3. Meet your neighbors.
Local eating is social. Studies show that people shopping at farmers’ markets have 10 times more conversations than their counterparts at the supermarket. Join a community garden and you’ll actually meet the people you pass on the street. Sign up with the 100-Mile Diet Society; we’ll be working to connect people in your area who care about the same things you do.
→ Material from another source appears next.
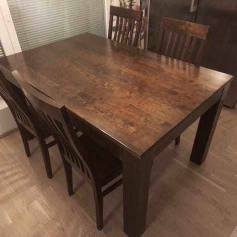Pilari jalat + 6 tuolia oiskoha saksan pähkinä puuta. Käytön jälkiä on.

4. Get in touch with the seasons.
When you eat locally, you eat what’s in season. You’ll remember that cherries are the taste of summer. Even in winter, comfort foods like squash soup and pancakes just make sense–a lot more sense than flavorless cherries from the other side of the world.
5. Discover new flavors.
Ever tried sunchokes? How about purslane, quail eggs, yerba mora, or tayberries? These are just a few of the new (to us) flavors we sampled over a year of local eating. Our local spot prawns, we learned, are tastier than popular tiger prawns. Even familiar foods were more interesting. Count the types of pear on offer at your supermarket. Maybe three? Small farms are keeping alive nearly 300 other varieties–while more than 2,000 more have been lost in our rush to sameness .
6. Explore your home.
Visiting local farms is a way to be a tourist on your own home turf, with plenty of stops for snacks.
7. Save the world.
A study in Iowa found that a regional diet consumed 17 times less oil and gas than a typical diet based on food shipped across the country. The ingredients for a typical British meal, sourced locally, traveled 66 times fewer “food miles.” Or we can just keep burning those fossil fuels and learn to live with global climate change, the fiercest hurricane seasons in history, wars over resources…
8. Support small farms.
We discovered that many people from all walks of life dream of working the land–maybe you do too. In areas with strong local markets, the family farm is reviving. That’s a whole lot better than the jobs at Wal-Mart and fast-food outlets that the globalized economy offers in North American towns.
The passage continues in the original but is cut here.